The well-funded “squid tactics” operation is being spearheaded by a leading steelmaker, whose top official used to be an undersecretary at the DTI. This operation works by creating a media smokescreen to cover the dangers of replacing micro-alloyed steel bars with quenched-tempered (QT) rebars without the knowledge of the building contractors, developers and end-users. These rebars are still being sold by this steelmaker to build high-rise commercial buildings and residential condominiums in key business districts.
Because the Philippines is situated in the Pacific Ring of Fire, certain types of steel materials are not recommended for use in high-rise buildings. Substandard construction materials, particularly rebars, would not withstand a magnitude-7.2 earthquake.
QT steel is made by spraying cold water on a red-hot steel bar. In this process, the steel’s metallurgy is altered. The outer core becomes very strong and brittle, but is also relatively very thin — about 1 or 2 millimeter in thickness. The thin outer layer, which is brittle, can be easily damaged during an earthquake and can therefore cost lives.

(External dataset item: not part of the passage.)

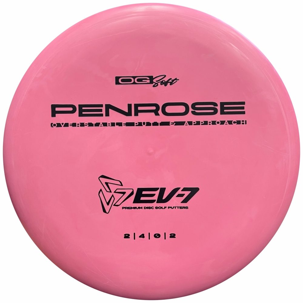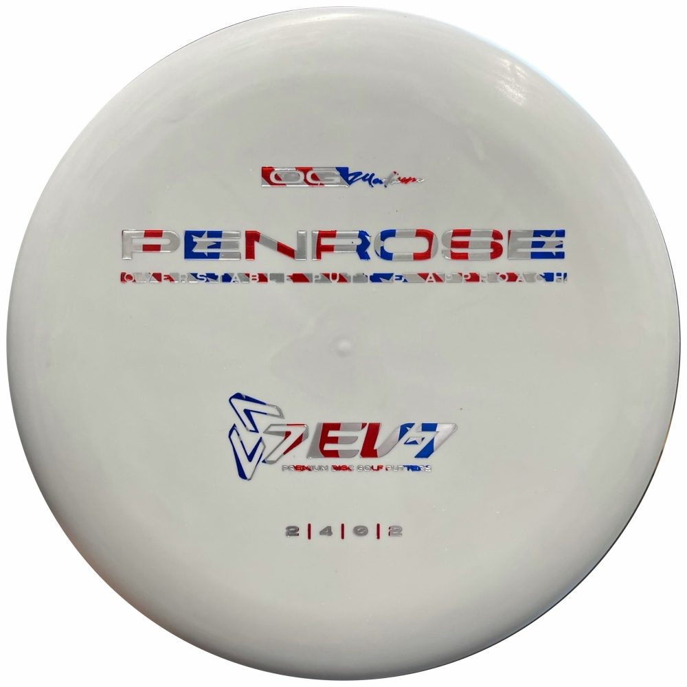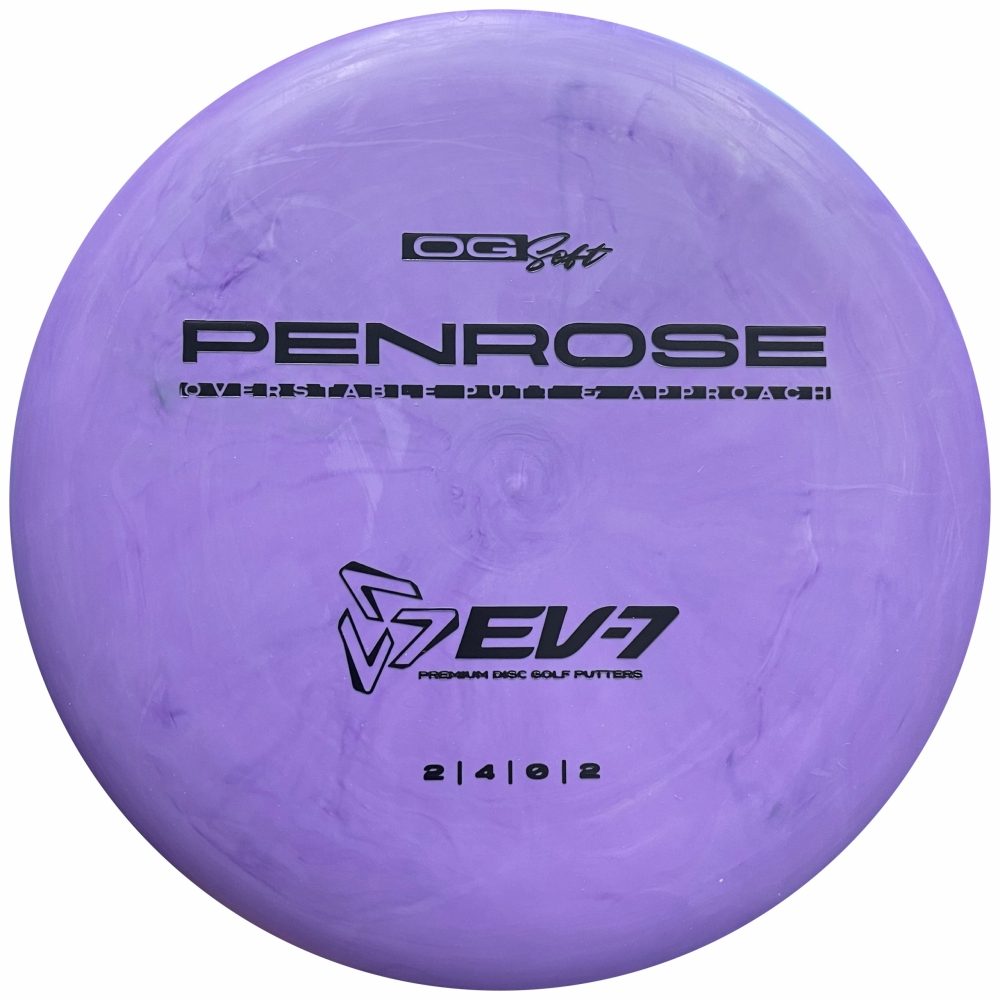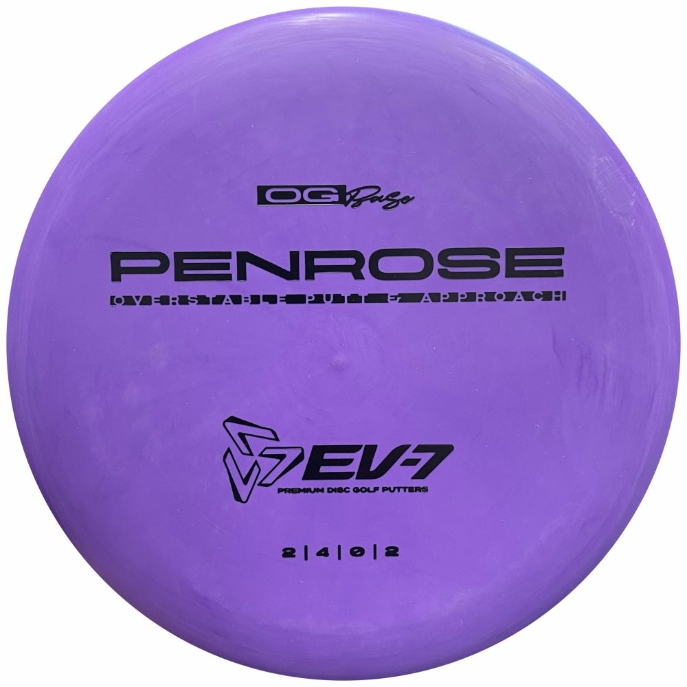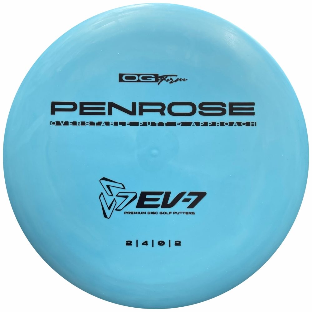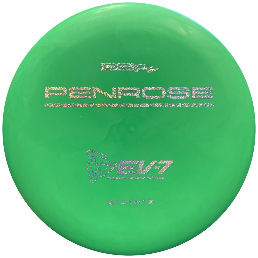 The Penrose is EV-7’s debut putt and approach disc. It has reliable high-speed over stability and resistance to turn, but is uniquely straight with consistent fade at lower speeds on the putting green. With a slightly deeper profile, small bead, and smooth feel, the Penrose fits the hand comfortably, inspiring confidence for both putts and upshots.

Three months ago, government investigators in Pampanga unveiled security footage taken at the height of a magnitude-6.1 earthquake. The footage showed supporting beams “exploding” inside the four-story Chuzon supermarket in Porac. The quake, which killed 18 people and injured 282 others, caused the building’s steel and concrete foundations to crumble within seven seconds, giving victims inside the supermarket no chance to escape.
Found by probers at the Chuzon site were QT steel bars with telltale markings of the leading steelmaker.

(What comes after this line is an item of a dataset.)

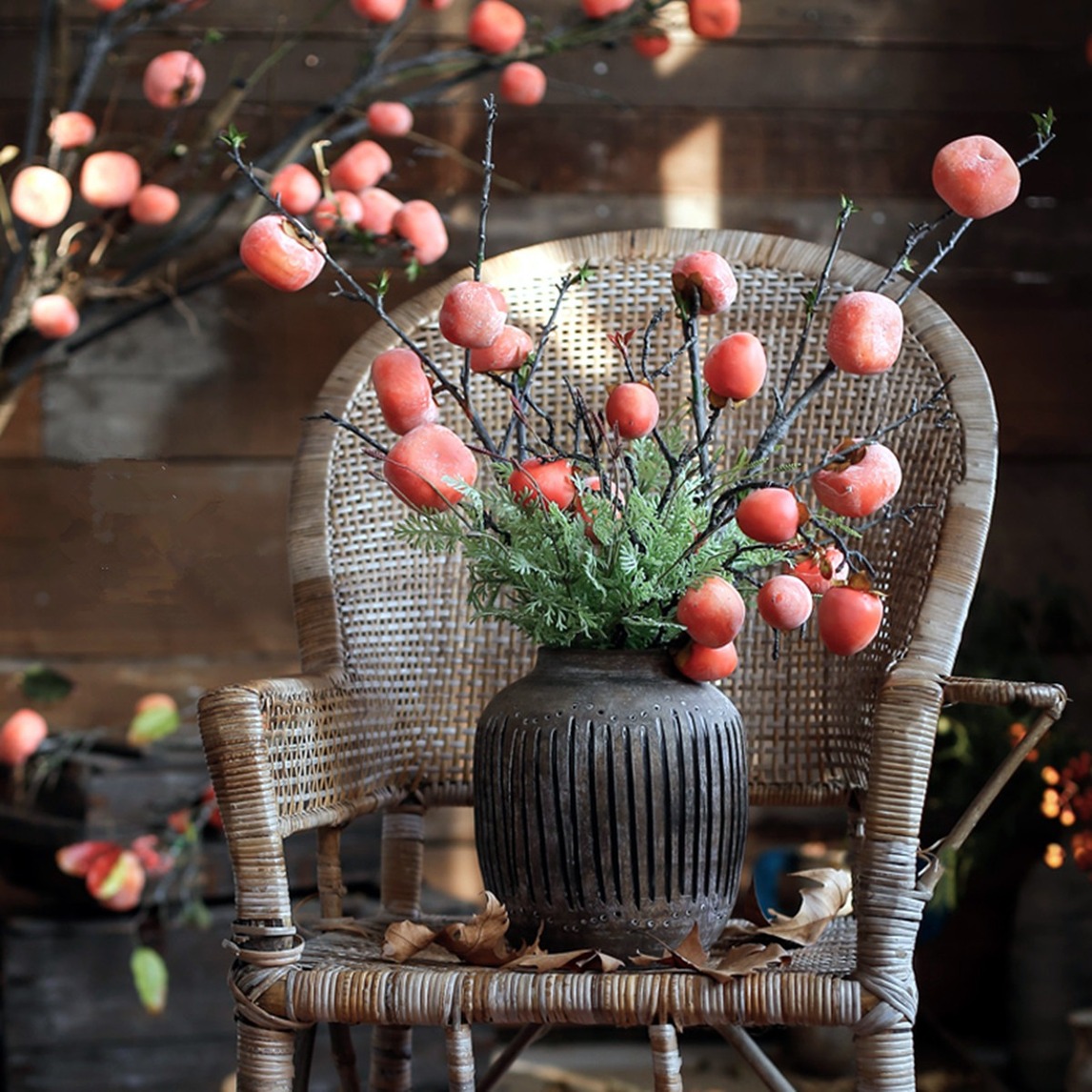 一颗颗饱满的柿子,还带着白色的秋霜和肌理,与真柿子无异,可以是一串串,也可以是一枝枝,插着很有复古感和艺术感。

In China and Taiwan, QT steel bars were banned after government testers decided that QT steel were only strong on the outer layer because of the quenching process. Despite these alarming findings, the DTI has been looking the other way, while the big steel manufacturer continues to misdeclare the true grades, sizes, lengths, weights and pieces of steel billets it imports from all over the world. The steel rebars made from these billets are also misdeclared as Grade 60 or the standard steel grade used for high-rise constructions and major infrastructure.

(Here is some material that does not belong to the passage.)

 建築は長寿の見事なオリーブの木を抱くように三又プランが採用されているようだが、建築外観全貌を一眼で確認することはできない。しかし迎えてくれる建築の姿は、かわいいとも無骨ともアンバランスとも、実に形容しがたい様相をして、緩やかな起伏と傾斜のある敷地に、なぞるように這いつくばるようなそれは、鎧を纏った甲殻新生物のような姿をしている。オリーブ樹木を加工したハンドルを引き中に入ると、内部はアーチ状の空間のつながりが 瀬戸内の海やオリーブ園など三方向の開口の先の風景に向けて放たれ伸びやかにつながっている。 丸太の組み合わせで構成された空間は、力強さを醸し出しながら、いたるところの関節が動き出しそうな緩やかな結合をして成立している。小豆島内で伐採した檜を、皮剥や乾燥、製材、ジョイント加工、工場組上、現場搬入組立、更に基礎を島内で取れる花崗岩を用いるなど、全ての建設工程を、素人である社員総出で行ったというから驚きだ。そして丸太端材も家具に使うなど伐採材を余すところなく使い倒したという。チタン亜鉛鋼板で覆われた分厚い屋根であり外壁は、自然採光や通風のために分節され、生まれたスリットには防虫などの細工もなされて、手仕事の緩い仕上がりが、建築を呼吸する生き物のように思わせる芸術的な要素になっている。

Last week, a cabal of corrupt officials of the DTI, the Bureau of Customs (BoC), along with top officers of this big steel manufacturer were thrown into panic when the Presidential Anti-Corruption
Commission (PACC) confirmed that it was investigating allegations of corruption between big steel manufacturers and the BoC that has been depriving the government of billions of pesos in tax revenues, including penalties for improper import declarations.
PACC Chairman Dante Jimenez bared that his office had unearthed data that shows large-scale “technical smuggling” had been taking place in the past ten years as a result of alleged collusion between BoC officials and large steelmakers. Jimenez acknowledged that the case involves steelmakers clearing their products at the Customs point of entry, notwithstanding discrepancies in the documents submitted for these items.
The PACC suspects that big steel importers, in collusion with BoC officials, had been manipulating the Harmonized System universal codes for export and import goods. Specifically, the steelmakers have been describing the imports of cast and prime steel billets used for steel manufacturing as Grade 60 when in fact the orders under the same code are a mix of Grade 40 (5 sp) and Grade 33 (3 sp). This also allows the steelmakers to allegedly misdeclare the imported billets at a lower value.